Which to keep? Which to cull? For me asking this question makes me wonder why we keep books in the first place. The librarians among you are probably already composing replies in your head asking why in God's name I buy books at all if my book-hoard is such a problem. Why not just borrow them? I guess the answer to that question is this: owning a book, I think, is quite different from just reading it. This will sound a bit weird, but for me a book is more than an orderly little pile of paper. It represents, in material form, the thought of another person. When you own a book, you are sharing your space with an object that continually represents to you that thought. Owning a book is, well, a little commitment to the book's contents. It's a commitment both to another person -- the author -- and in some ways to yourself. Owning a book says: yes, this living structure of thought is important to me. With the author, I thought these thoughts, I dreamed these dreams. Or I did once. Or I might in the future.

Sometimes I WANT to make that commitment -- which is why I buy books. But over time the number of those commitments can start to get overwhelming. Sometimes your tastes change, and a commitment that seemed enormously meaningful for a while fades as time passes. In that case, what are you really keeping when you keep a book? Ghosts of your earlier self? A false sense of changelessness in a world of change? Is that something you really want in your space?

It could be that someday all these questions will seem even sillier than they do now. We'll all be reading books digitally, and we'll be able to store the contents of a university library in a digital reading device no larger than a ham sandwich. To some extent those digital choices are already available -- I'd say at least half of my current hoard is available for free on Project Gutenberg.

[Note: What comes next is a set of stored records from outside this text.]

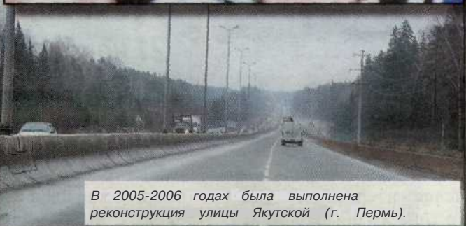
В 2005-2006 годах была выполнена реконструкция улицы Якутской (г. Пермь).
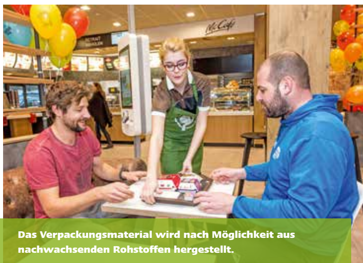
Das Verpackungsmaterial wird nach Möglichkeit aus nachwachsenden Rohstoffen hergestellt.

Um die Transportwege kurz zu halten und wegen der Qualität der Schweizer Produkte bezieht McDonald's 86% seiner Zutaten aus dem Inland. Rund 10'000 Schweizer Bauern gehören zu den Partnern des Gastronomieunternehmens. Über 70% des verwendeten Rindfleischs stammt von Kühen, die regelmässigen Auslauf ins Freie erhalten – der dabei angewandte RAUS-Standard übertrifft die von der Schweizerischen Tierschutzgesetzgebung vorgegebenen Anforderungen deutlich. Bei den französischen und ungarischen Pouletfleisch-Lieferanten achtet McDonald's darauf, dass in Bezug auf Haltung, Fütterung und Besatzdichte die Schweizer Tierschutzstandards eingehalten werden. Eine nachhaltige Produktionsweise ist ein entscheidendes Kriterium für alle importierten Produkte. Für Kaffeegetränke verwendet das Unternehmen Bohnen mit dem Fairtrade-Label der Rainforest Alliance. Die panierten Hokifischfilets des Filet-O-Fish tragen das Gütesiegel des Marine Stewardship Councils (MSC). Die Shrimps erfüllen den Standard des Aquaculture Stewardship Councils (ASC), der eine nachhaltige Fischzucht garantiert.
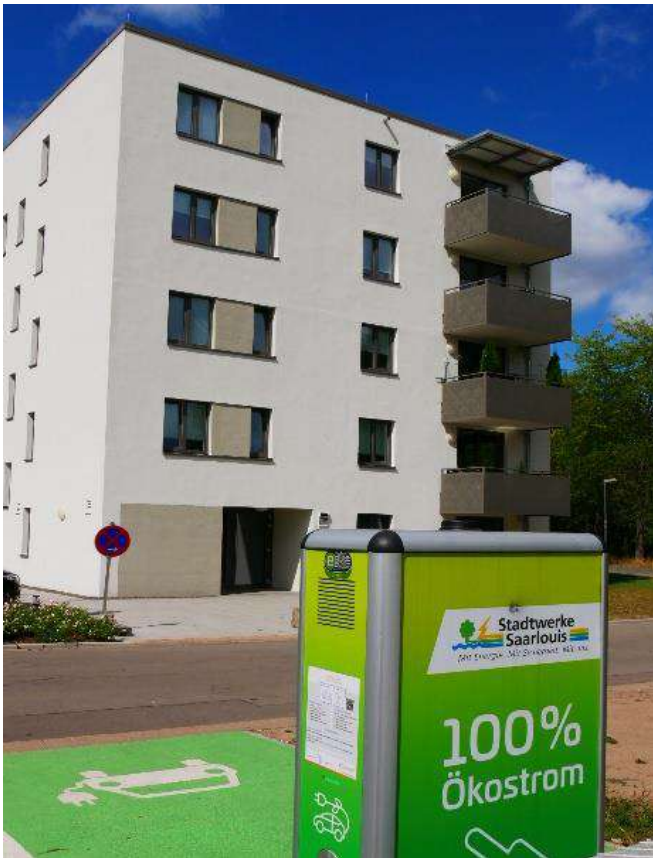
Neubau Husarenweg 12 a nach der Fertigstellung. Im Vordergrund die neue Ladestation für Elektroautos der Stadtwerke Saarlouis

Découvrez dans la section suivante les événements GReNEFF qui vous attendent dans les prochains mois !
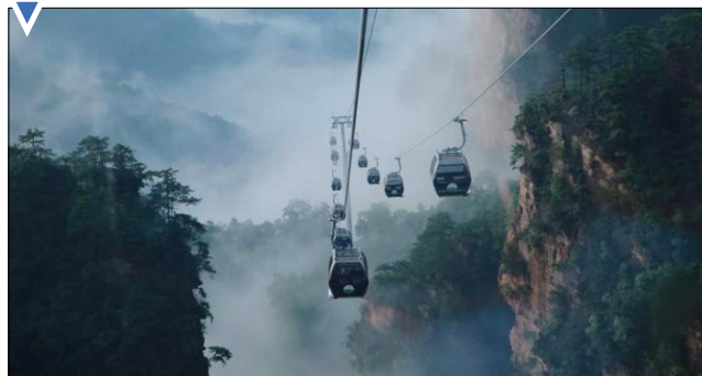
تله‌کابین سواری گردشگران در کوهستان تیانشی، چین
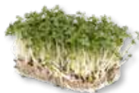
BroccoCress® (10x SinglePack) Broccoli crudi
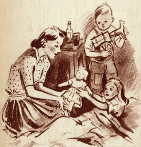
Quando lhe dei a boneca parecia doidal!

A Prima Serafina, então, entrou em explicações detalhadas sobre as vanta-
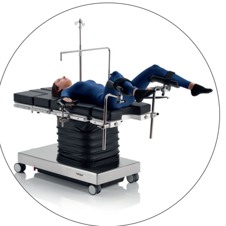
Position de lithotomie
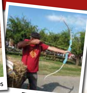
Tir à l'arc
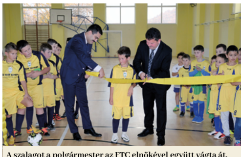
A szalagot a polgármester az FTC elnökével együtt vágta át.

Az FTC tornaterme körülbelül 50 éves múltat tekint vissza, és ez idő alatt nem élt meg lényegesebb felújítást. Ennek dacára rendszeresen szolgál a labdarúgók edzéseinek színhelyéül, és a helyi gimnázium tanulói is használják, mivel nincs saját tornatermük. A városnak kapóra jött a Szlovák Labdarúgó-szövetség pályázati felhívása, amely végül is 25 ezer euró összegű támogatást eredményezett. További mintegy 70 ezer euróval az önkormányzat járult hozzá a felújításhoz. A tornatermet leszígeztették, a patak felé védőgátat emeltek, lecserélték a tetőfedőanyagot, villámhárítót szereltek fel, kicserélték az összes ablakot és ajtókat, újrafestettek mindent, és új izületkímélő sportpadlót raktak le. A Fil-
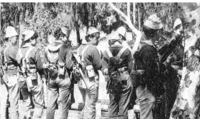
In Israel wissen die uniformierten Mädchen mit Maschinenpistolen und Sturmgewehren genau so gut zu schießen und zu treffen wie ihre männlichen Kameraden.
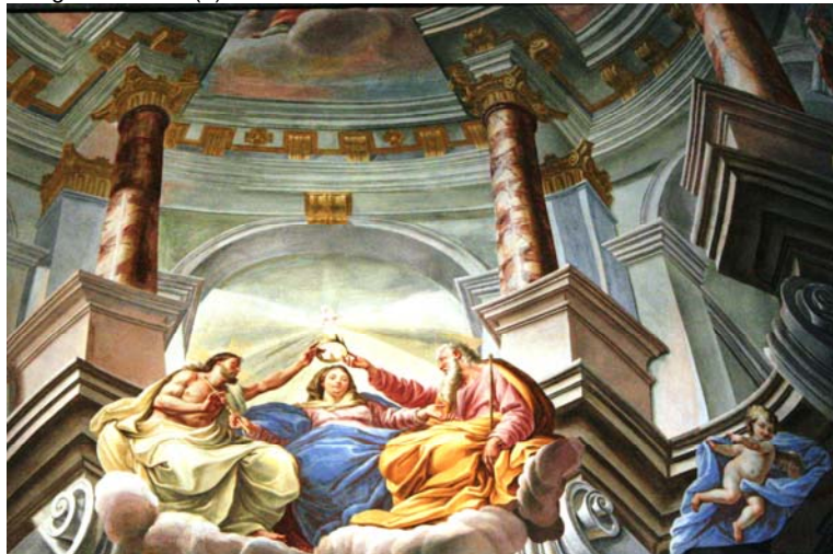
Particolare dell'interno - struttura edificata all'inizio del XVIII secolo
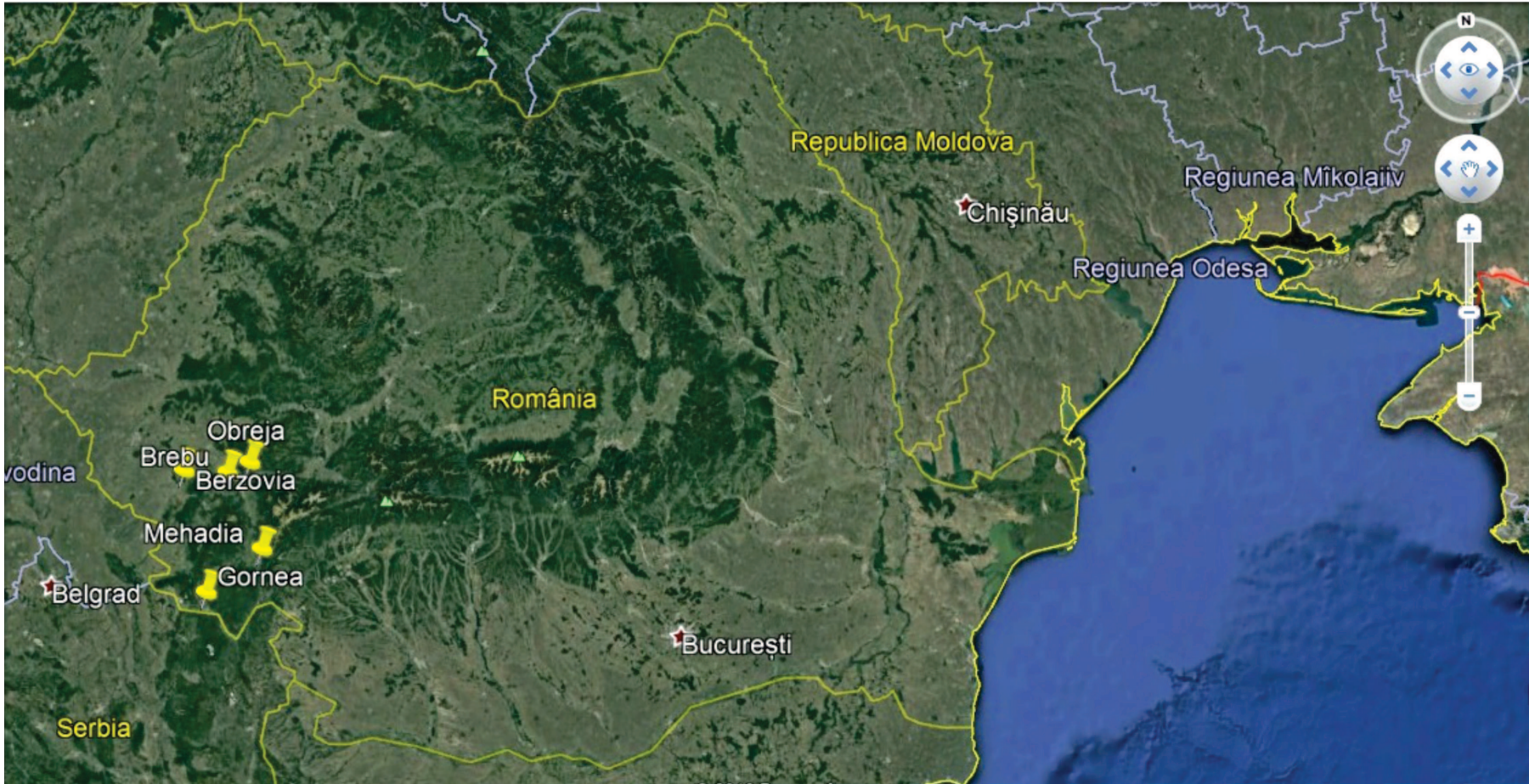
Pl. I Harta descoperirilor/ The map of the discovery

But I'm an old fogey who's not used to that. Digital books have zero emotional resonance for me -- it's precisely because they don't take up space that I don't read them. You can't LIVE with digital books the same way you can with real ones. My study is set up so that I can see my Tolkien collection from where I sit, and that means something to me. In the painfully clutter-free future, we'll have our space, no doubt, but no sense of books as commitment, no brilliance and foolishness and snark and laughter and glorious worlds of story whispering continually from our walls. I want my space. But maybe not quite that much of it?

So. *Turns to task she is procrastinating about by writing this post*. That four-volume biography of Shaw. That cluster of mysteries by Iain Pears. Keep or cut?